Some consideration was given to locations at College Park, Maryland, and near Mount Vernon, Virginia. However, the existing location began to look more appealing because of the cost involved in transferring the facilities elsewhere and the fact that real estate in other locations had become more expensive when it became known that the Air Service was interested in acquiring property.

Brigadier General William "Billy" Mitchell, Assistant Chief of the Air Service and pioneer exponent of air power, tipped the scales further in Bolling's favor when he stepped into the breach and made his views undeniably clear as to the advantages of keeping Washington's primary flying field in its present location. At one point in this seemingly endless battle, Colonel Oscar Westover, later to become Chief of the Air Corps, even recommended "that the activities of Bolling Field be suspended, at least for the present." On June 4, 1919, Colonel Westover, in his capacity as Assistant Executive of the Division of Military Aeronautics, directed that Bolling Field be closed and cease to operate as an active Air Service station after June 10 and that it be abandoned as soon as possible thereafter.

No record could be located of an outright cancellation of this order. However, in a memorandum to the Chief of the Air Service, dated June 12, 1919, signed by General Mitchell, the following statement appeared: "It is understood that Bolling Field is not to be abandoned for the present at least." There is a pencil note on this memorandum with "O.K." followed  by the initials "CTM" - no doubt those of Major General Charles T. Menoher, Chief of the Air Service.  By October  1919,  General Mitchell was Acting  Chief of the Air Service and, of course, unwilling to part with Bolling  Field or anything else that would contribute to the development of Army aviation. General Mitchell presented a strong case to the Secretary of War for extending the license for use of Bolling Field. He requested that the Air Service be authorized the indefinite use of this property, "or until some other site is prepared and ready for occupancy, to which the Air Service activities for the vicinity of Washington can be transferred."


General Mitchell also pointed out that the existing arrangement was so uncertain and indefinite that it precluded the possibility "for the arrangement of definite plans for the disposition of troops, equipment and Air Service activities in the vicinity of Washington." Also included in the memorandum to the Secretary of War was a request that such Air Service personnel and equipment be maintained as were necessary to continue these activities, and also that available funds be used for necessary temporary repairs that would keep Bolling Field "in its present state of operation."

The needs of Bolling Field never escaped the watchful eye of General Mitchell. He acknowledged the fact that the War Department "did not consider Bolling Field as permanent" and strongly felt that the issue should be resolved. He summarized the situation in his customary forthright language: "If the question is to be agitated as to whether it is to be given up by the War Department or not, it is believed that now would be a good time to start it."  The ultimate disposition of Bolling Field was still in doubt as late as 1922 when a board of officers was appointed "to investigate and make recommendations covering the choice of a suitable flying field for the location of permanent aviation activities."
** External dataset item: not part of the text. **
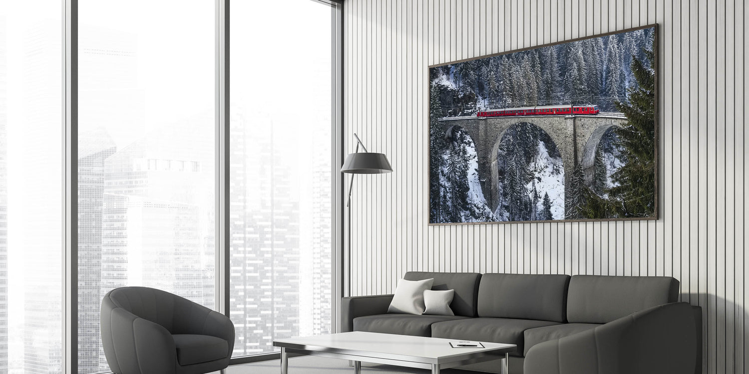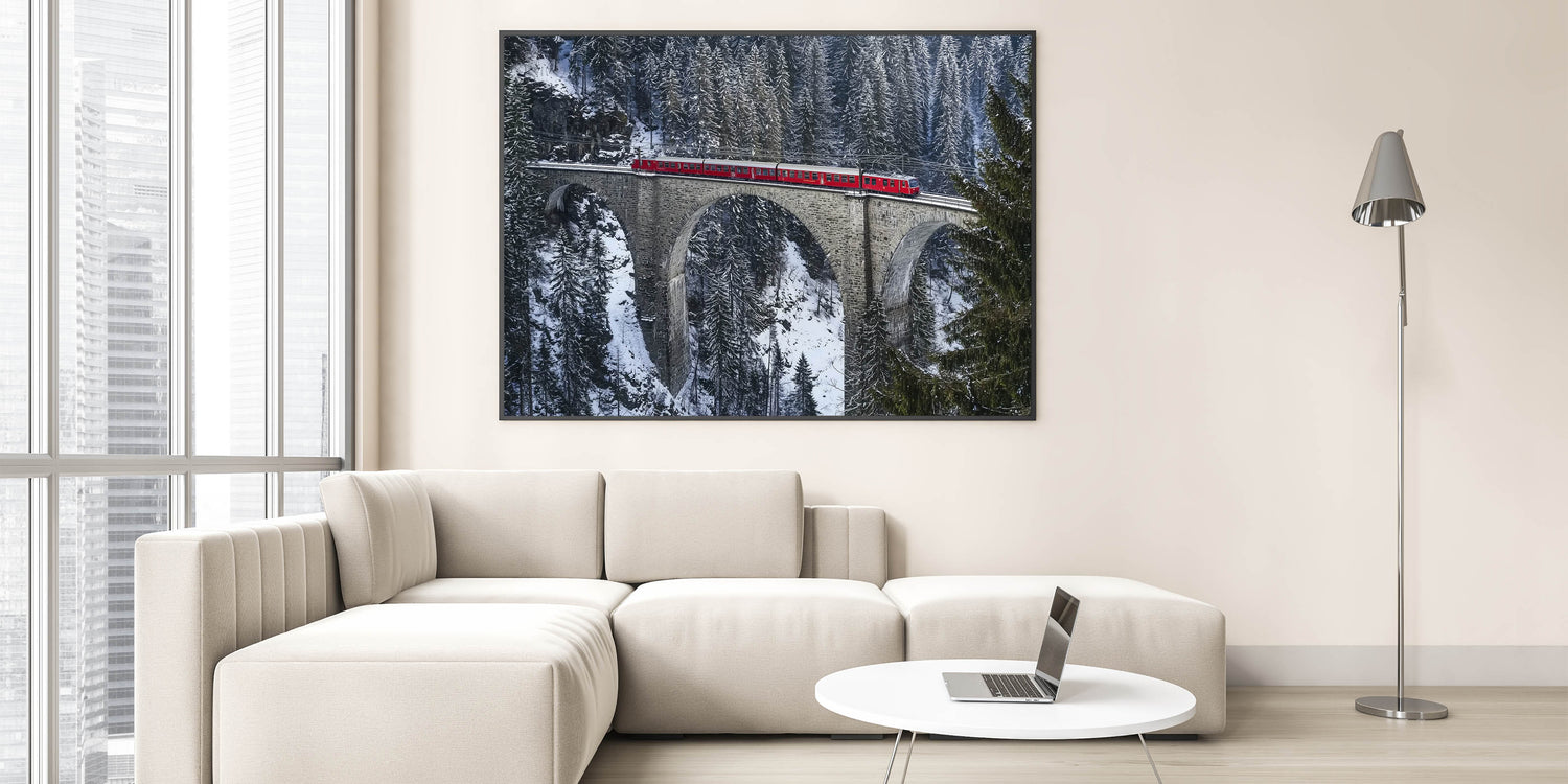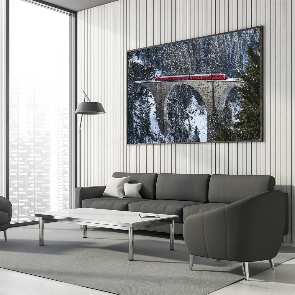Perfect for travel enthusiasts and lovers of scenic winter photography, this bridge artwork adds a sense of adventure and elegance to any space. Its harmonious blend of natural and architectural beauty makes it an ideal piece for rustic, traditional, or modern interiors. Bring the wonder of alpine railways to your space with this exquisite winter train bridge print.

The board recommended that Bolling be retained as a flying field and that the most glaring deficiencies, such as poor drainage, restricted land space when flying east or west, and the lack of suitable ground for the erection of permanent quarters and barracks, be corrected.  The group of advisors reported that it  wouldbe possible to raise the elevation of the existing flying field and give it good drainage as soon as the temporary quarters and hangars were removed. The proceedings of the board also indicated that a large open area, which was in the process of being filled in by the engineering department, could be combined with the existing field to make an excellent aviation field.

Bolling Field was officially dedicated on July 1, 1918, after the property was purchased by the War Department and turned over to the Aviation Section of the Signal Corps to serve as the primary aviation facility for the capital city. As sparse as the area might have appeared on that day, a handful of military leaders had the vision to look the field's meager beginnings as it heralded the dawn of a new era in national defense. This new threshold into military airpower was appropriately named for Colonel Raynal C. Bolling, an early vanguard in the quest for Army airmanship. The colonel had been killed during World War I by German officers near the front lines in Amiens, France. 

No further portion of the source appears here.